BRIEF: Pictures are not part of the copy; reproduce the remaining data exactly.

DATA TO USE:
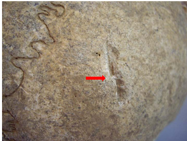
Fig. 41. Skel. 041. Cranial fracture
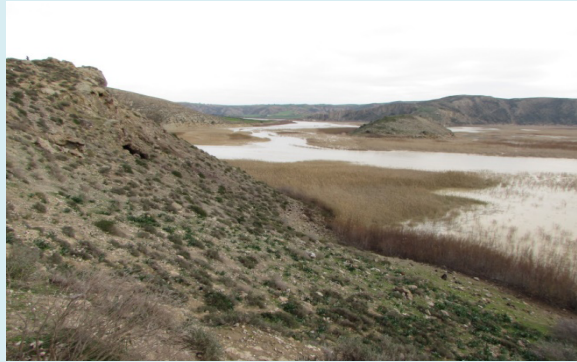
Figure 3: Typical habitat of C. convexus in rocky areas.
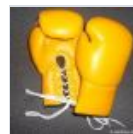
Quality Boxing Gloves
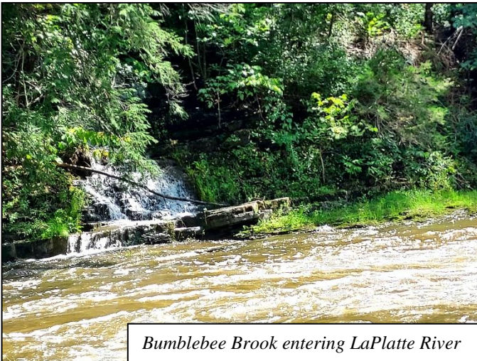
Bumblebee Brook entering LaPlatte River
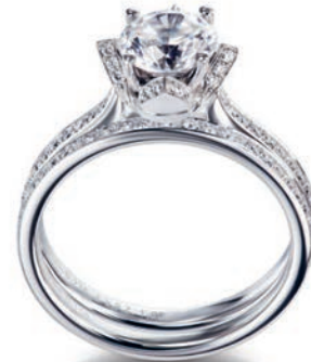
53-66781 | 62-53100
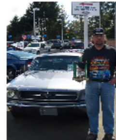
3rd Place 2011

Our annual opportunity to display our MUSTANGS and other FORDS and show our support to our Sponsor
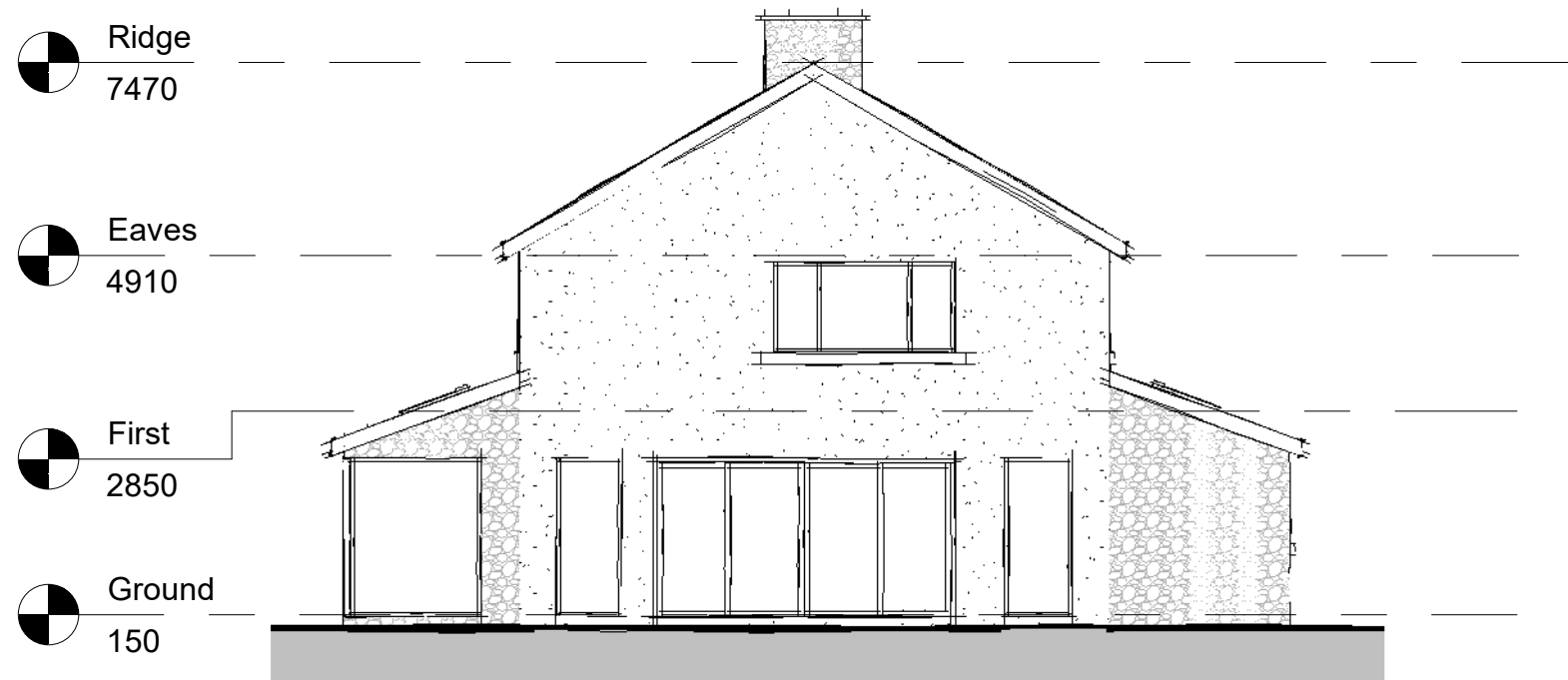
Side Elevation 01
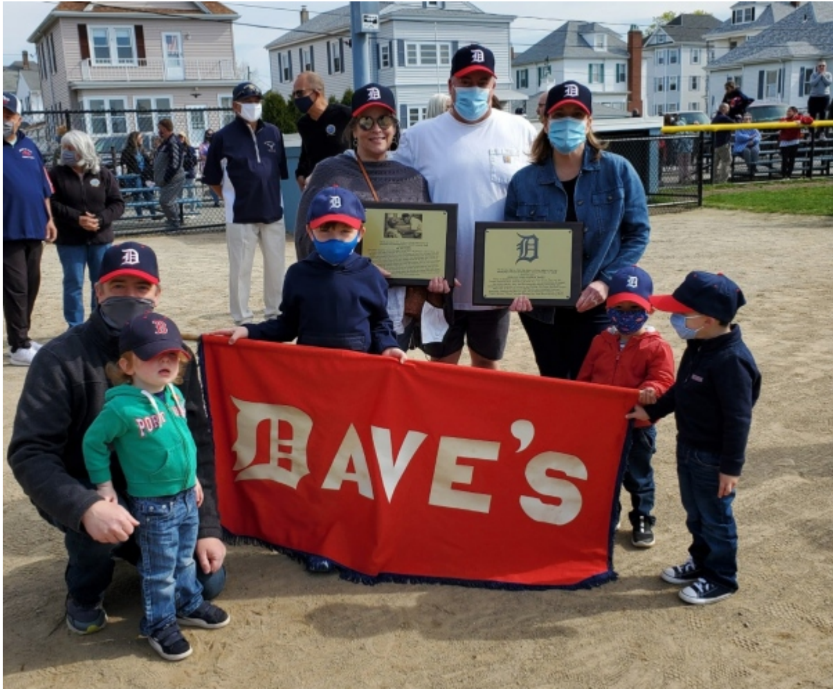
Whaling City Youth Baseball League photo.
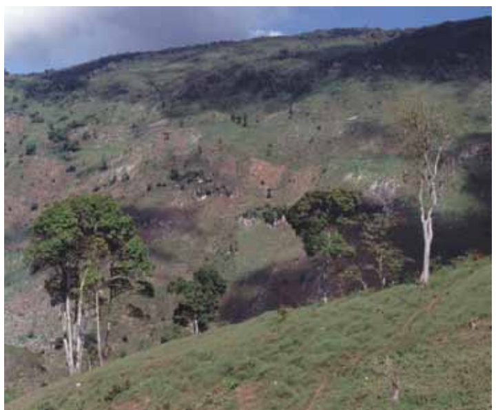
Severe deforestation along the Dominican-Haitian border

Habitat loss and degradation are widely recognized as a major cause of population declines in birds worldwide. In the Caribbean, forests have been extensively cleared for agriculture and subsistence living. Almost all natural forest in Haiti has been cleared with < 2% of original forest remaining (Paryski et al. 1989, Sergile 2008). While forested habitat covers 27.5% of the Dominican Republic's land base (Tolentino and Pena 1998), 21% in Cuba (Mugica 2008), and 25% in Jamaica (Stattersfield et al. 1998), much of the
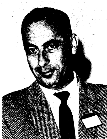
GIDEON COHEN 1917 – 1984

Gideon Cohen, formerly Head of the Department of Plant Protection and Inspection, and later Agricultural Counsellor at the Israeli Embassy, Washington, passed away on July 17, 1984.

SOLUTION:
Fig. 41. Skel. 041. Cranial fracture
Figure 3: Typical habitat of C. convexus in rocky areas.
Quality Boxing Gloves
Bumblebee Brook entering LaPlatte River
53-66781 | 62-53100
3rd Place 2011

Our annual opportunity to display our MUSTANGS and other FORDS and show our support to our Sponsor
Side Elevation 01
Whaling City Youth Baseball League photo.
Severe deforestation along the Dominican-Haitian border

Habitat loss and degradation are widely recognized as a major cause of population declines in birds worldwide. In the Caribbean, forests have been extensively cleared for agriculture and subsistence living. Almost all natural forest in Haiti has been cleared with < 2% of original forest remaining (Paryski et al. 1989, Sergile 2008). While forested habitat covers 27.5% of the Dominican Republic's land base (Tolentino and Pena 1998), 21% in Cuba (Mugica 2008), and 25% in Jamaica (Stattersfield et al. 1998), much of the
GIDEON COHEN 1917 – 1984

Gideon Cohen, formerly Head of the Department of Plant Protection and Inspection, and later Agricultural Counsellor at the Israeli Embassy, Washington, passed away on July 17, 1984.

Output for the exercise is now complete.